Es ist schwer zu sagen, welche Zutat für den unverwechselbaren Geruch, der an Orten des Sommers jeden Tag, von den mittleren Morgenstunden bis in den späten Abend, die Stadt erfüllt und begleitet, die größte Rolle spielt. Sobald die geographische Grenze überschritten ist, die den Norden vom Süden trennt, ist er allgegenwärtig: Am Straßenrand der langen Autofahrten, die zum ersehnten Ziel führen werden, an den kleinen improvisierten Haltepunkten der Bergserpentinen und ihren nicht immer ganz legalen Verkaufsständen, auf Marktplätzen, an den Stammtischen der Fernfahrerlokale, an Tankstellen, an den Strandbuden und Restaurant-Terrassen gehen Kartoffeln, Salz und Öl hier eine olfaktorische Verbindung ein, die nirgends sonst so lebendig ist.
Es scheint, als seien Pommes frites überall und zu allen Stunden da.

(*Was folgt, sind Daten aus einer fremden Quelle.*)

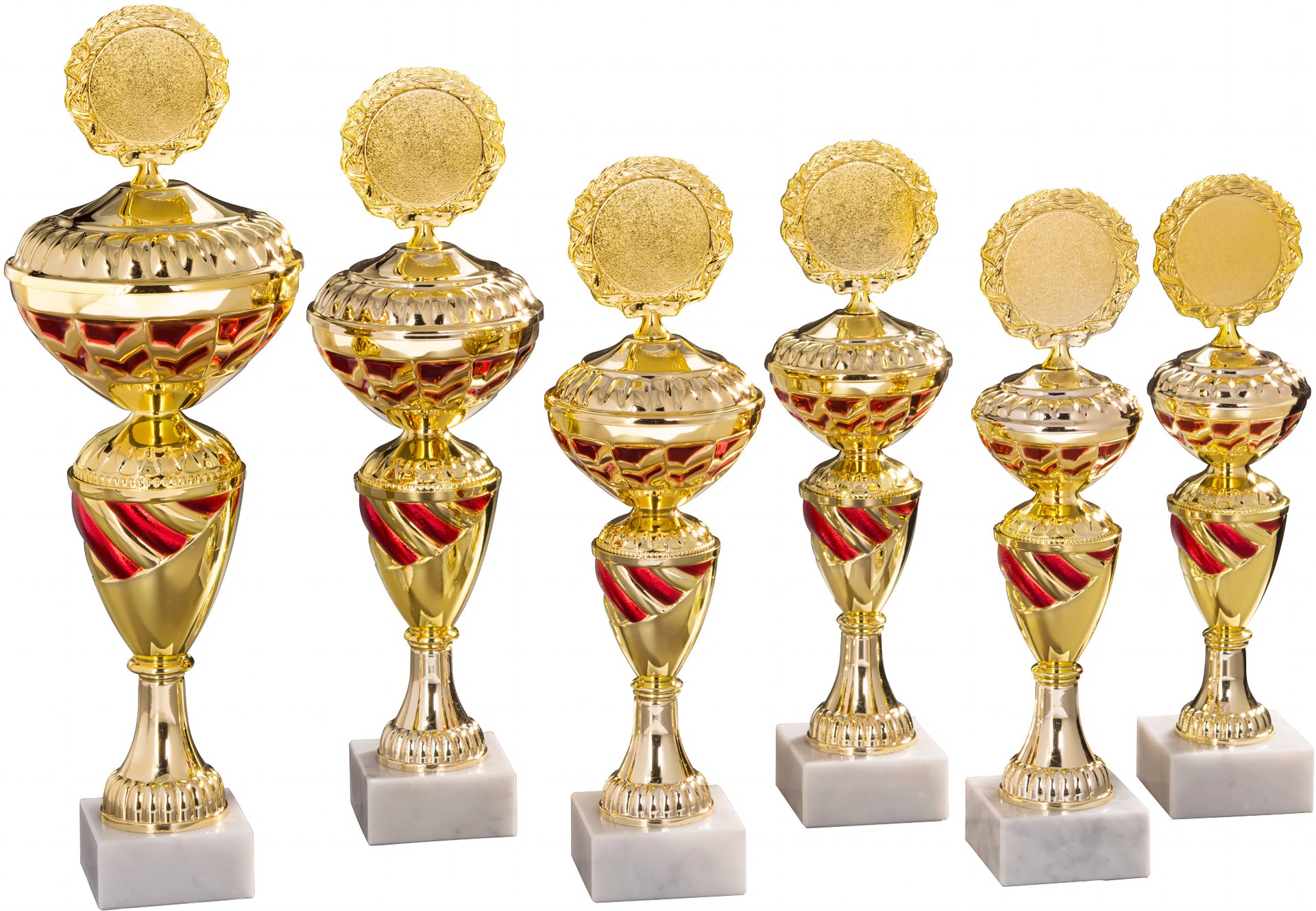 Pokal in Gold, Rot von 28 cm – 37,4 cm Höhe in Standard Qualität. Individuelle Sockelbeschriftung auf Gravurplatte. Emblem in 50 mm Durchmesser wählbar aus über 300 Designs oder einem eigenen Emblem. Dieser Pokal ist universell für jede Zielgruppe/Sportart einsetzbar. Als 6er-Serie erhältlich.

Manch einer macht sich ein Spiel daraus, die zahllosen Aushänge zu zählen, die sie so unermüdlich wie unnötig feilbieten.
In dieser Allianz aus Kartoffeln und Frittierfett mischen sich zuweilen Rosmarin, hie und da noch andere Kräuter. Hierin liegt wohl der Unterschied zwischen ihrer einfachen, robust aufdringlichen und der leichtfüßigeren, qualitativ gehobeneren Version, die mitunter auch die vertraute Form verlässt und sich in den vermeintlich edleren Mantel keilförmiger Mondviertel kleidet.
Doch so oder so: Pommes frites sind das Salz und die Währung des Sommers, mit der sich Eltern Ruhe und Frieden, Teenager sündige Freiheit, Autofahrer Energie für weitere Stunden am Steuer erkaufen und Camper die magere Urlaubskasse schonen, die Raststätten, Kiosken und Hotels mit geringem Aufwand und ohne jedes Risiko zu einem spielend erwirtschafteten und reichlichen Einkommen verhilft. Sie sind das, was für Käufer und Verkäufer gleichermaßen immer geht.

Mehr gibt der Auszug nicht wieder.